= Transforming Community Services =

Transforming Community Services was a programme in the English NHS which operated from 2008 at a national level and continued during the implementation of the Health and Social Care Act 2012. Although the rhetoric of the programme was about improving the quality of community services the reality was mostly concerned with structural changes.

Community services in England did not fit easily into the model of the NHS developed under the National Health Service and Community Care Act 1990 and were repeatedly reorganised. When primary care trusts were established most of the free-standing community NHS trusts were dissolved and taken over by the PCTs – sometimes being divided up in the process. This left the PCTs in the position of both commissioning and providing services. The Transforming Community Services programme encouraged PCTs to divest themselves of their community services.

In some areas community services were transferred to acute hospital trusts or mental health trusts. Nineteen free-standing community health trusts were established up to 2012. in some areas provision was moved to the private sector. Services in Surrey were transferred to Virgin Healthcare. According to Nigel Edwards "Officials gave the strong impression that they would be happy to see the entire community service workforce moved off the NHS payroll, and policy changes were put in place to assist this".

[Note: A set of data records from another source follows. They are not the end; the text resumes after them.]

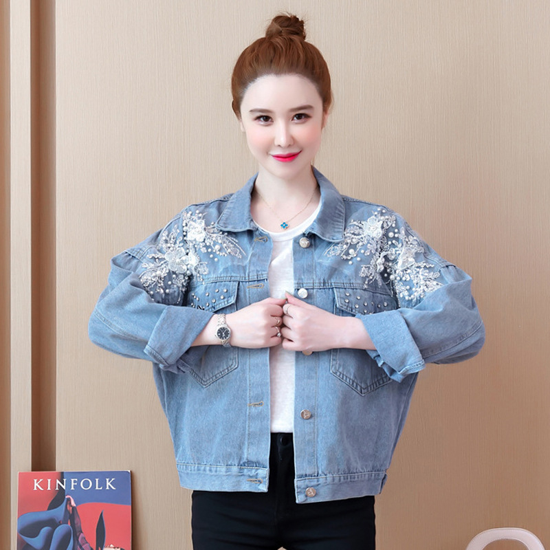 Jaket Denim Berpayet Manik-Manik Tebal untuk Wanita Musim Gugur 2025 Gaya Hong Kong Terbaru, Jaket Pendek Longgar Trendi yang Membuat Anda Terlihat Lebih Tinggi.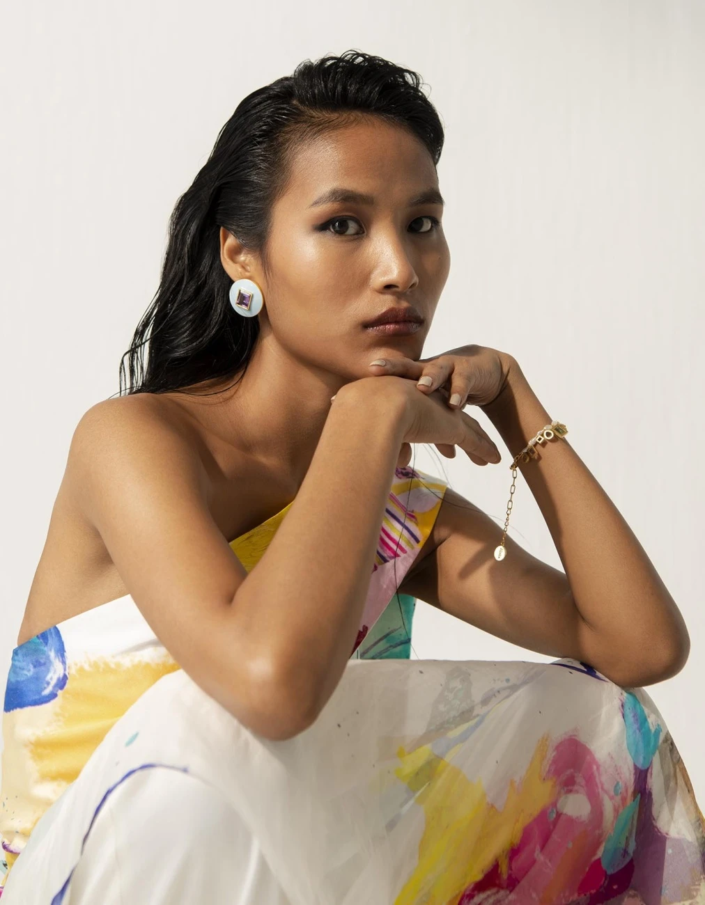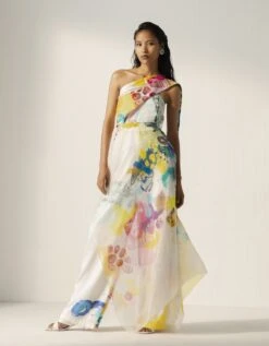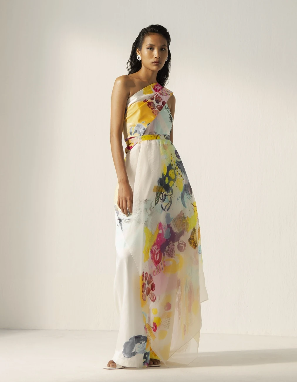 - Colourful Printed Jumpsuit With Sheer Panel And Drape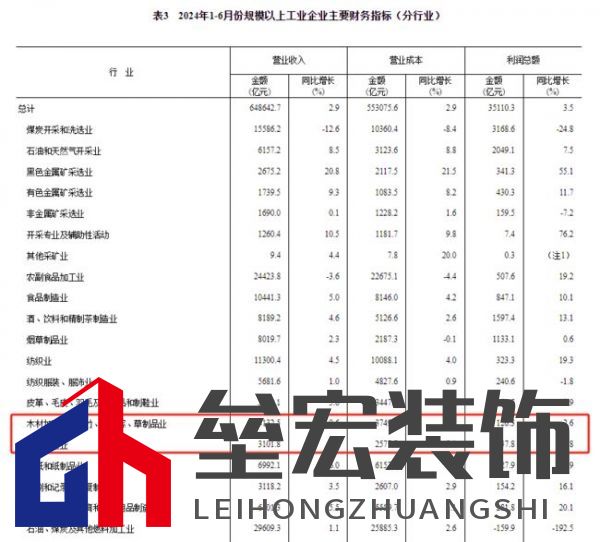 7月27日,國家統(tǒng)計局發(fā)布2024年上半年全國規(guī)模以上工業(yè)企業(yè)運行情況。 數(shù)據(jù)顯示,1—6月份,全國規(guī)模以上工業(yè)企業(yè)實現(xiàn)利潤總額35110.3億元,同比增長3.5%;營業(yè)收入64.86萬億元,同比增長2.9%;營業(yè)收入利潤率為5.41%,同比提高0.03個百分點。 分行業(yè)看,泛家居行業(yè)方面,1—6月份,全國家具制造業(yè)規(guī)模以上工業(yè)企業(yè)實現(xiàn)營業(yè)收入3101.8億元,同比增長5%;實現(xiàn)利潤總額137.8億元,同比增長3.8%。 1—6月份,全國木材加工和木、竹、藤、棕、草制品業(yè)規(guī)模以上工業(yè)企業(yè)實現(xiàn)營業(yè)收入4132.5億元,同比下降0.6%;實現(xiàn)利潤總額126.3億元,同比增長2.6%。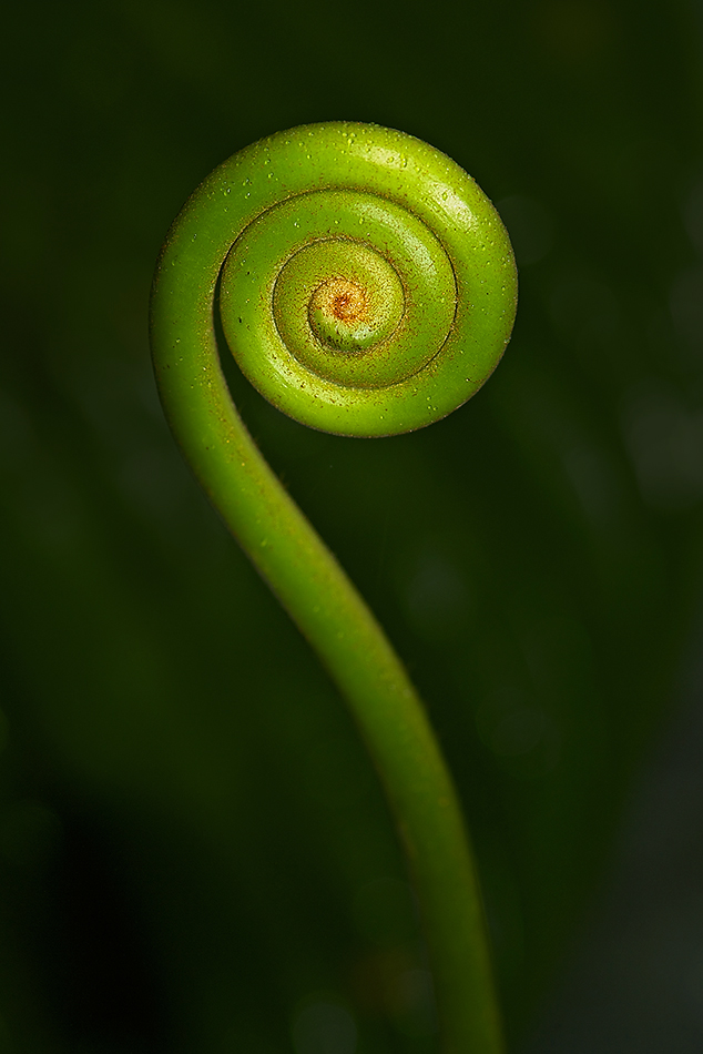 Here’s a rarity from me — nature with no creatures attached. Just a simple shot of a fern frond before unraveling. I was shooting tree frogs at the time on a drizzly night in the Ecuadorian cloud forest. Nikon D700 with Nikkor 105mm macro lens, ISO 200, f/10 at 1/60th of a second, two Nikon SB-90 flash units on a circular flash bracket

In other areas NHS staff were encouraged to set up a community interest company in the hope that if owned by the nurses and therapists who run the services the organisations would be more imaginative and flexible. Francis Maude praised Inclusion Healthcare, a very small CIC in Leicester, at a speech in December 2014 saying the company could provide care more cheaply and simply than the NHS. He related how Inclusion had helped a homeless man with leg ulcers who was refusing to go into hospital because he could not afford to put his dog in kennels while he was thereby writing "a cheque for £200 or whatever it cost to have the dog vaccinated and put into kennels". According to Maude, the firm said "actually if we had still been in the NHS we could never have done that without endless process and bureaucracy and auditing and which budget does it come out of, and how do we account for it, and it would never have happened”.

Proposals to move services out of the NHS were not always welcomed by patients or staff. In Gloucestershire proposals to set up a social enterprise were abandoned after a Judicial Review brought by a patient backed by a campaign involving both the public and the staff.